Yeah, that's pretty much the process. Fill a 5 gallon bucket about 1/3 to 1/2 full with sand, take the garden hose and shove it down into the sand and fill the bucket with water, swirl it around with your hands, gently tip the bucket to let the dirty water run off without dumping the sand, repeat again and again until the water runs clear. Empty the cleaned sand into your tank or another container and start on the next batch. It takes a lot of time and is a lot of work but it is worth it in the end. I used play sand and didn't have hardly any clouding in the 4 tanks I have used sand in. PFS should be cleaner than the play sand so should clean up quicker.

I don't buffer my water so can't help you on your other question but I do know lots of people mix crushed coral into their substrate to raise the Ph. Not sure on the puka shells.


----------



## Guest (Jan 6, 2011)

lol i dont have a 5 gallon bucket or a garden hose... i live in an apartment complex i have an 18 gallon tub (12 gallons realistically) and a 2 gallon bucket i use.. i guess maybe putting alot of sand in the 12 gallon bucket in the bathtub would work.. then jus tip that... sounds like a *************** but thats probly gonna be my fastest way... it took forever in the 2 gallon bucket and i didnt even really wash it that good and it was only cloudy for like a day....and puka shell is basically just little seashells.. looks pretty cool.. i got it at petsmart then couldnt find it again when i went back to get more so i jus got the crushed coral...


----------



## DJRansome (Oct 29, 2005)

To do the same thing in a bathtub you would put the bucket under the faucet and let it run full blast for 15 minutes straight. Then check it and see if the water is running clear.

Be sure to warm the substrate before adding to the tank.


----------



## Guest (Jan 7, 2011)

so use hot/warm water? only thing thats gonna suck about that is my tub drains really slowly... but whatever it should work... any thoughts on mixing the crushed coral and puka shell with the pool filter sand? i appreciate all your guys help


----------



## DJRansome (Oct 29, 2005)

Use cold water for the rinsing, and then warm water when you are ready to put it in the tank to warm it up. I use my thermometer...why not?

I would not mix anything into it. The African Rift lakes do not have puka and coral. The calcium you are adding does not dissolve fast enough to do much for your pH or your buffer.
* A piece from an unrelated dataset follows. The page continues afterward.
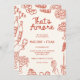 The invitation features a quirky handwritten font, adding a personal and playful touch that invites your guests to partake in the celebration. Surrounding the edges are red hand-drawn illustrations of iconic Italian foods — think delicious pizzas, creamy pastas, and fresh lemons — capturing the heart of Italy's culinary delights and creating a festive atmosphere.

And the two textures can only make vacuuming more challenging.

Get the super in there to fix the drain, LOL!


----------



## Guest (Jan 8, 2011)

im not supposed to have any pets... lol since i have 5 fish tanks a turtle tank and 2 cats at the moment.. i try not to call them for ****.. im kinda cool with the maintenance guy thou cuz im always like well gimme the part and ill do it myself so he likes me... still im not tryin to get evicted cuz of my cats.. i doubt theyd care about the fish tanks....and yea ill return the crushed coral tomorrow.. gonna change all this stuff 2moro... then attempt to build a stand for a 55 gallon that i bought for my friend off craigslist so i can give him all my Mbunas... tank should look sweet i got a 15 pack of ceramic cave rocks and im gonna use some of the regular rocks i have in there now.. jus keeping all the peacocks, haps and lethrinops... actually picked up a whole bunch of eureka red fry and a breeding group of black fin lethrinops that im sure wont breed until i get all the mean mbunas out of the tank and theres alot more room in there... also got a few Enantiopus melanogenys fry hope they grow out.. cuz the sand sifting is pretty cool... ill let you guys know how it goes and take pics.. thanks for all your help


----------



## Guest (Jan 12, 2011)

heres some pics guys thanx for the help


----------



## theoryguru (Oct 11, 2011)

btw, It would take volumes and years but try to rinse the sand outside you don't want the sand and residue in the plumbing/pipes at home.


----------



## Guest (Feb 22, 2012)

wow this is an old thread lol my tank looks so different now lmao and i live in an apartment complex and sand goes in the plumbing all the time and i have never had a problem


----------